Saturday, August 4, 2012

When Did Bill Clinton Get So Old?

I write a blog post every morning as a form of mental exercise. It keeps me in the know, reminds me that I was once a paid columnist, enlarges my vocabulary and staves off Alzheimer's, at least according to some experts in the field. Plus it's fun, at least once I get going. The hard part is deciding what to write about, and usually a topic presents itself with little or no effort--but not always. Today I'm stumped.

First I toyed with writing about a debilitating bug bite I got yesterday, and yes, I said debilitating. I had gone swimming just down the road in the Casco Bay, and while drying off was approached, and then attacked, by one of Maine's nastiest denizens known as "green flies," not to be confused with "black flies" which are also no picnic. The bite of the green fly hurts when you first get it, but afterwards it's much worse--almost a day later, my right leg is morphing into a telephone pole. Poor me! Then I read an email from a friend who is about to undergo a kidney transplant in a few days. Things have not gone smoothly during the pre-op phase, and she will have to be in isolation for six to eight weeks following the surgery, and the inept organ donor coordinator is causing added stress, and suddenly my silly little fly bite seemed like a pathetic thing not worth a hoot.

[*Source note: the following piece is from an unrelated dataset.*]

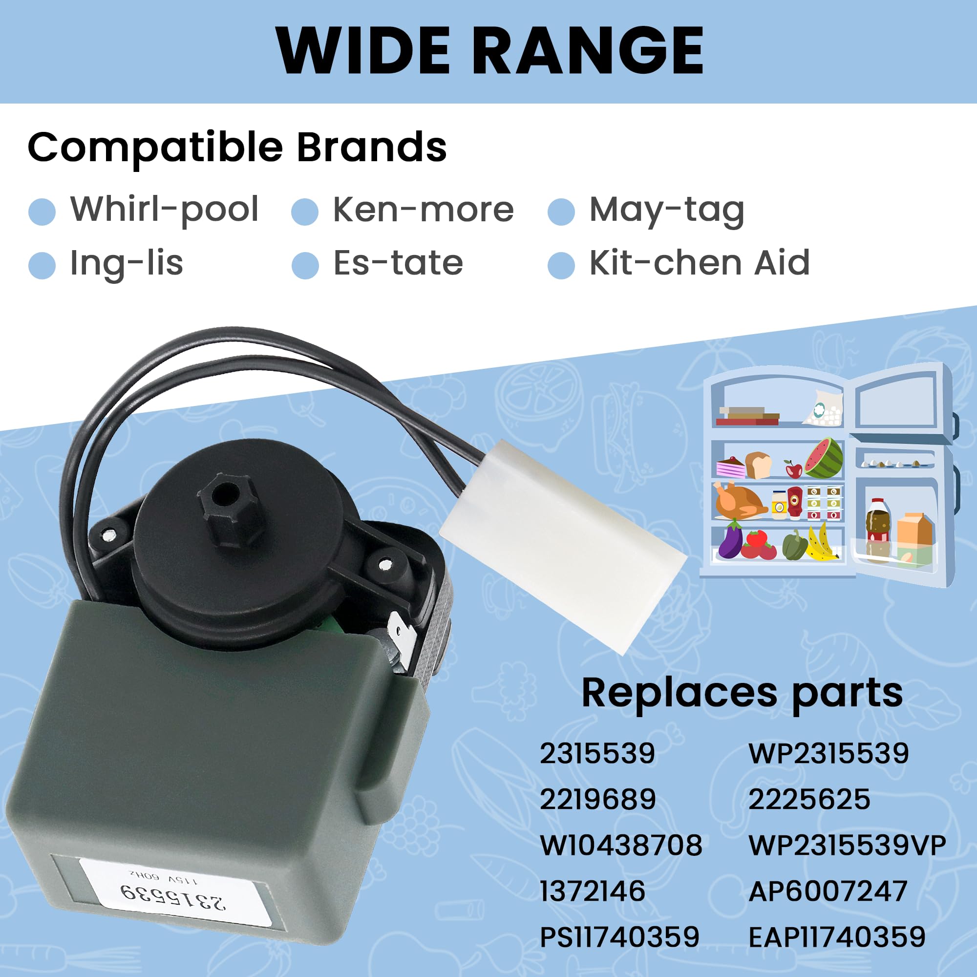 BUY WITH CONFIDENCE: 2315539 Refrigerator Evaporator Fan Motor supports 180 days return and exchange. If you have any question about this 2315539 Refrigerator Evaporator Fan Motor, please feel free to contact us through amazon email or question and answers, we will solve your problem within 24 hours,Don’t hesitate to solve the refrigerator problem easily

Then I read Peggy Noonan's column in today's Wall Street Journal about how Bill Clinton is set to speechify bigtime at the upcoming Democratic National Convention, thereby injecting the party with some much-needed adrenaline. That's a great subject, I thought, about how Obama is calling on his former rival to rescue him from political quicksand, but in her column Peggy calls Clinton "that ol' man, with his white hair and reading glasses," and I was plummeted into a deep depression; he is exactly my age! I still never think of myself as old, and yet there was his picture in the paper right in front of me and he looked like, well, like an old, white-haired man with reading glasses. I decided against that.

So now I have no topic to explore and think I will just go for a walk. I'd go for a run except, because I'm exactly Bill Clinton's age, I have arthritis in my hip. And that fly bite on my leg really hurts, dammit, even though my kidneys still work. I think a great blog post would be about how when we compare ourselves to others, our own lives seem either better or worse, depending. Maybe tomorrow.

1 comment:

  1. white hair, I see, but I see no reading glasses. Did he have laser surgery?